Case ID: sw2d_355/html/0651-01.html
Source: Caselaw Access Project
Author: {"author": "WADDILL, Commissioner.", "license": "Public Domain", "url": "https://static.case.law/"}
Date Created: 2024-08-24T03:29:51.129683

INLAND STEEL COMPANY, Appellant, v. Leon MOSBY et al., Appellees.
    Court of Appeals of Kentucky.
    Feb. 16, 1962.
    Rebearing Denied April 20, 1962.
    Howard & Francis, Prestonsburg, for appellant.
    C. W. Napier, Jr., Hazard, Cordell H. Martin, Hindman, for appellees.
   WADDILL, Commissioner.

The Inland Steel Company has appealed from a judgment reversing an order of the Workmen’s Compensation Board which dismissed appellee’s claim for compensation benefits based upon disability from silicosis. The only question presented is whether notice was timely under KRS 342.316(2).

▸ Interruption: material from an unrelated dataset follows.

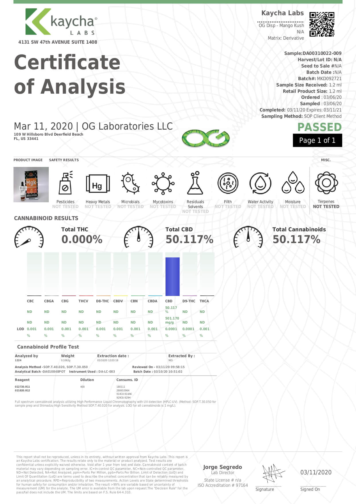 OG Labs CBD Vape Full Spectrum Mango Kush Disposable Pen Lab Report important details about vaping products.

Appellee, Leon Mosley, who had worked in the mines of the appellant, Inland Steel Company, for approximately thirty years, was discharged on June 27, 1957, when appellant reduced its working force at its mine. During February, 1958, he obtained temporary employment in a restaurant but was released when a required physical examination disclosed that he had contracted silicosis. Within sixty days thereafter he notified appellant of this diagnosis and of his intention to seek compensation for disability resulting from the disease.

When the parties failed in their attempt to negotiate a settlement of appellee’s claim, he filed an application with the Compensation Board on June 12, 1958, seeking compensation benefits against appellant. Upon a hearing appellant introduced testimony tending to show that appellee had been advised in November, 1956, that he had silicosis. Appellant urges that appellee’s failure to give it notice at that time supports the Board’s dismissal of appellee’s claim for failure to give timely notice under KRS 342.316(2). However, there was testimony that appellee was physically able to perform his duties satisfactorily while employed by appellant and did so perform them. Therefore, it is contended by ap-pellee that he was not required to give notice until he was disabled. úSuch was the conclusion of the circuit court.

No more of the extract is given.